HIM: Um. Don’t you mean love and ‘affection’?
ME: …
HIM: …
ME: You should get tested.
I don’t know about you, but I could really go for a punch in your face right now.
Detective : Where were you on the night in question?
Me: Wut?
Detective: Don’t play dumb with us.
Her: Oh, he’s not playing.
Oh, you’re an American? Yeah, right.
Name 5 disastrous foreign policy decisions.

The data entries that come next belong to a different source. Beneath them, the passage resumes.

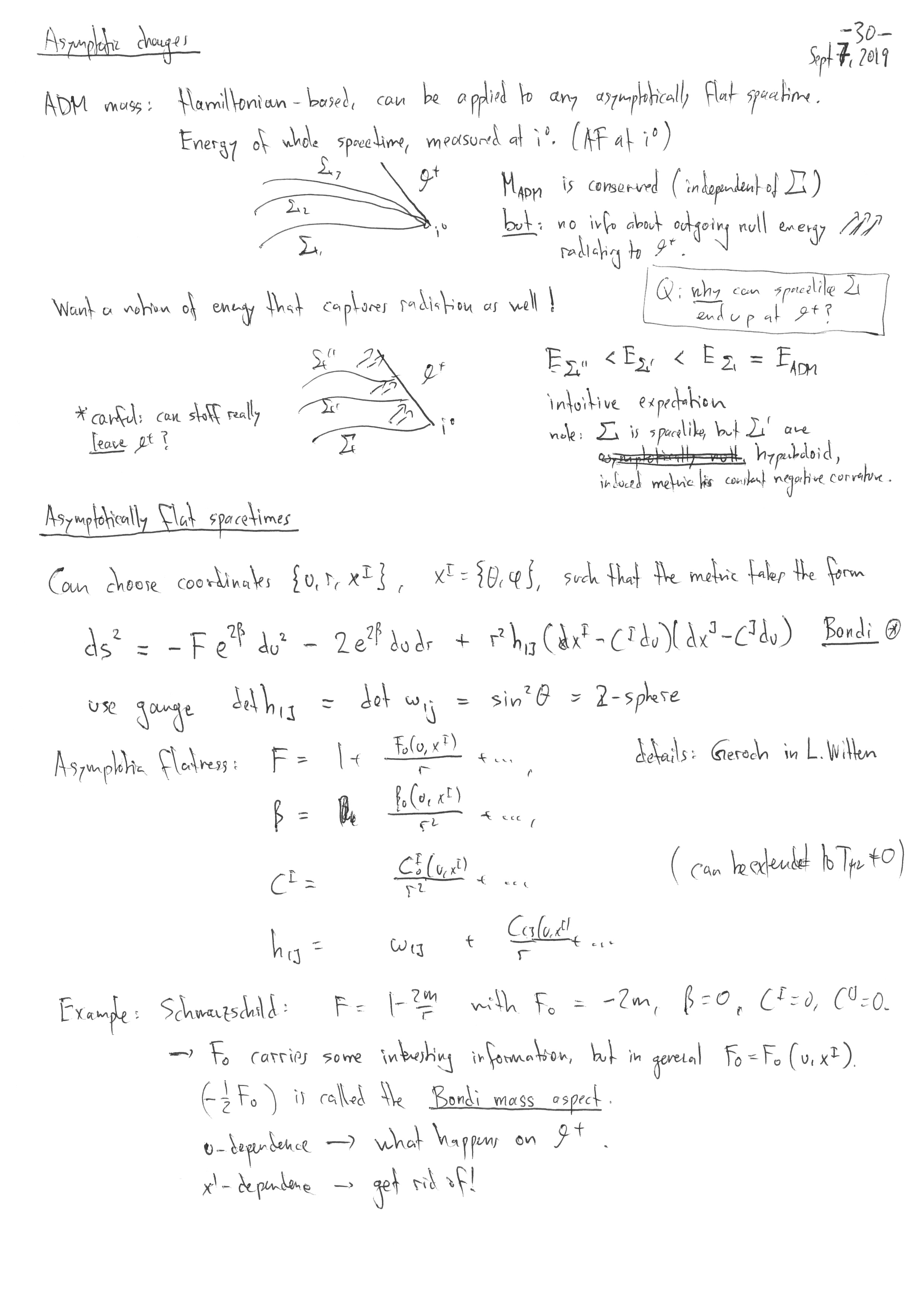 - 2019-09-02: Penrose diagrams, asymptotic flatness, Noether's theorem, electromagnetism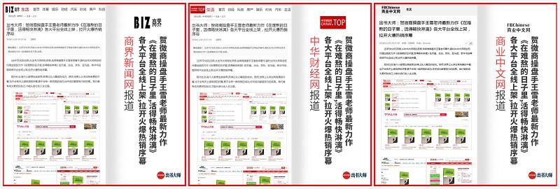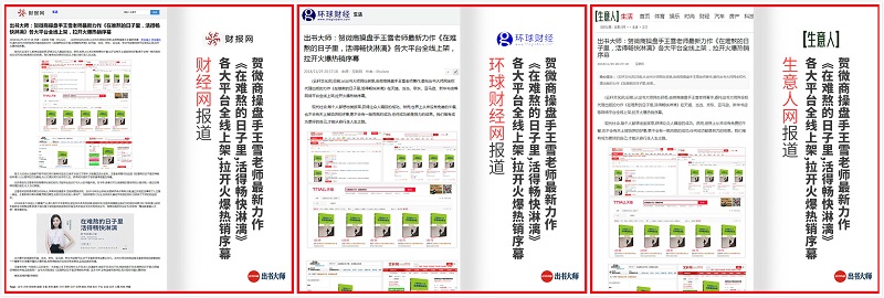出书大师网旗下重要网媒合作伙伴财经网、环球财经、生意人网、商界新闻网、中华财经网、商业中文网等权威媒体对《在难熬的日子里,活得畅快淋漓》一书全线上架的新闻进行了广泛报道以及后续的一个全网推广宣传。诸多读者在看到此条新闻之后,都表示出了极大的阅读兴趣,他们纷纷翘首以待,渴望这本书籍能够为身处挫折的他们,带来鼓舞人心的力量。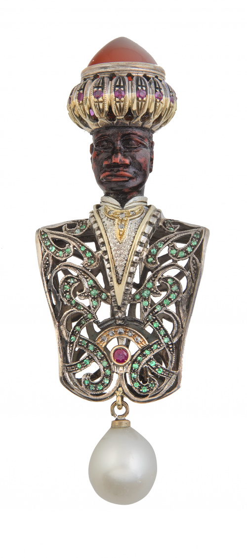 Broche de morito con esmeraldas, rubíes, turbante de ágata cornalina y perla australiana colgante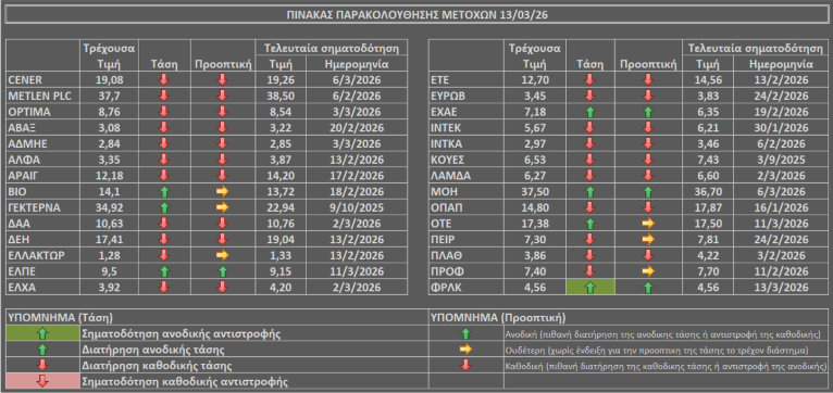 Η τάση και προοπτική των μετοχών του καλαθιού παρακολούθησης (διαμόρφωση με το κλείσιμο της Παρασκευής 13/03) είναι όπως στον παρακάτω πίνακα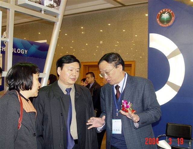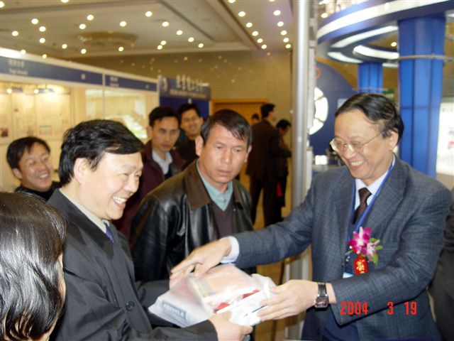 匡镜明校长向信息产业部有关领导赠送我校出版社参展的优秀图书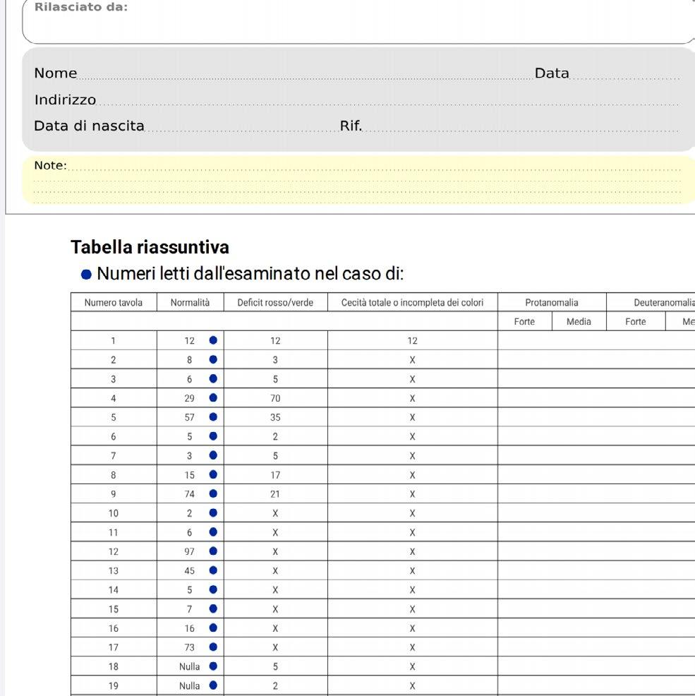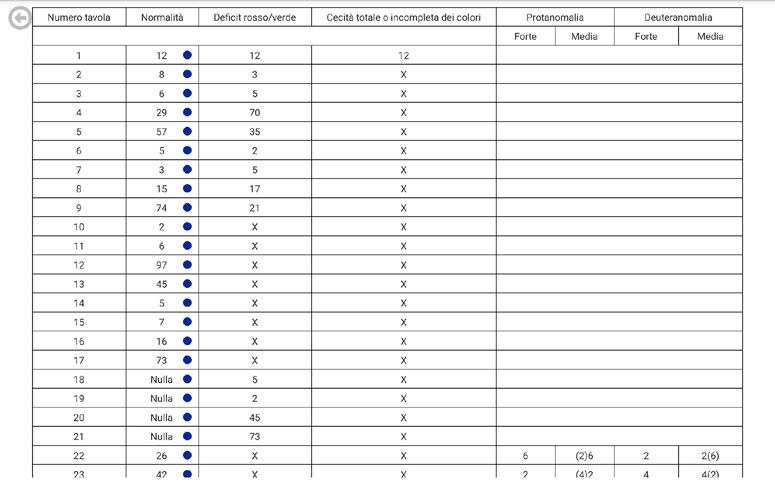 Tabella riassuntiva che riporta le risposte dell’esaminato e che potrebbe evidenziare la cecità totale o incompleta dei colori e il deficit di visione dei colori rosso verde.

You can flash your library card when you’re walking into Costco. They couldn’t care less.
HER: Boxers or briefs?
ME: Depends
HER: Really? But you look so young.
It’s subtle, but if a snail has the zoomies, listen close for a soft little wheeeeeeee!
[sloth wedding]
“I”
[six months later]
“do.”
It’s 1:28 AM. You can’t sleep. Underneath your bed there’s a rustle as the clown tries to quietly unwrap and eat a Snickers bar.
If James Bond is so great why doesn’t he have a Pringles flavor.
ME: I have zero interest in owning a parrot.
CLERK: This parrot is 80% off.
ME: I will take 4 parrots.
At my funeral –
The pastor: “She was truly an angel that fell from heaven”
My ex, whispering to my other ex: “So was Lucifer!”
[Please Do Not Tap Glass. Snakes Do Not Have Fingers And Will Get Jealous.]